Jackson and his wife founded a congregation over 30 years ago in upstate New York that broke ground due to the fact that he was a black man leading a congregation that was 95 percent white, with a "handful of African-Americans." That reality was so jarring to some in the Corning, N.Y., community that Christian Hope Center, as it is still called and now under white leadership, endured being labeled a "cult" at its start and dismissed by some as "that black church."

"Some people even got written out of the wills of their families and were ostracized – again you're talking 1981," said Jackson. "But the church took hold and did very well. The converts stayed true, stayed strong."

Such a congregation "was definitely considered radical in those days because in 1981, black people and white people just didn't go to church together," he added, noting cultural differences, worship styles and segregation laws as some of the factors in why he believes the black Church was "orphaned by the white-led church in America."
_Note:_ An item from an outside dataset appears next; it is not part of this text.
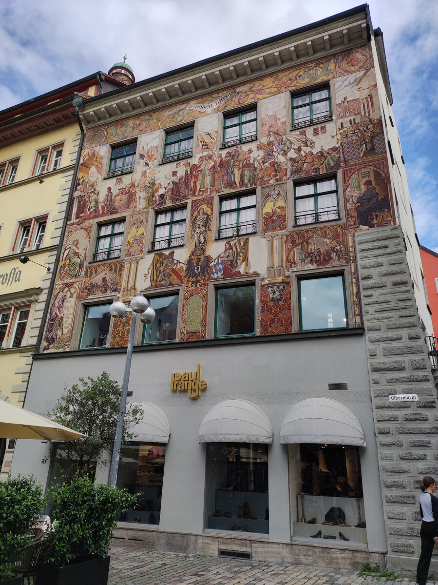Дома - свидетели исторических событий. Чем старее город, тем больше важных перипетий истории повидали они на своем веку. В исторической части города Констанца в Германии есть несколько интересных расписных средневековых домов. Они всегда привлекают внимание обычных прохожих и туристов. Один из таких - Haus zum Hohen Hafen, стоящий на площади Обермаркт (Верхний рынок). Что же повидал этот дом?

Growing Church Diversity Trend

According to a June 2009 report from the National Congregations Study, predominantly white congregations have become slightly more diverse, although much of the diversity is attributed to changes in Catholic parishes and growing Hispanic and immigrant populations. If a congregation is comprised of more than 80 percent of a single racial group, then it is lacking diversity, according to the NCS. The percent of congregations with more than 80 percent white participation, the organization reports, dropped from 72 percent to 63 percent between the period of 1998 and 2006-2007. The trend is reflected in congregations that show an increase in some Hispanic, immigrant, Asian and African-American participation.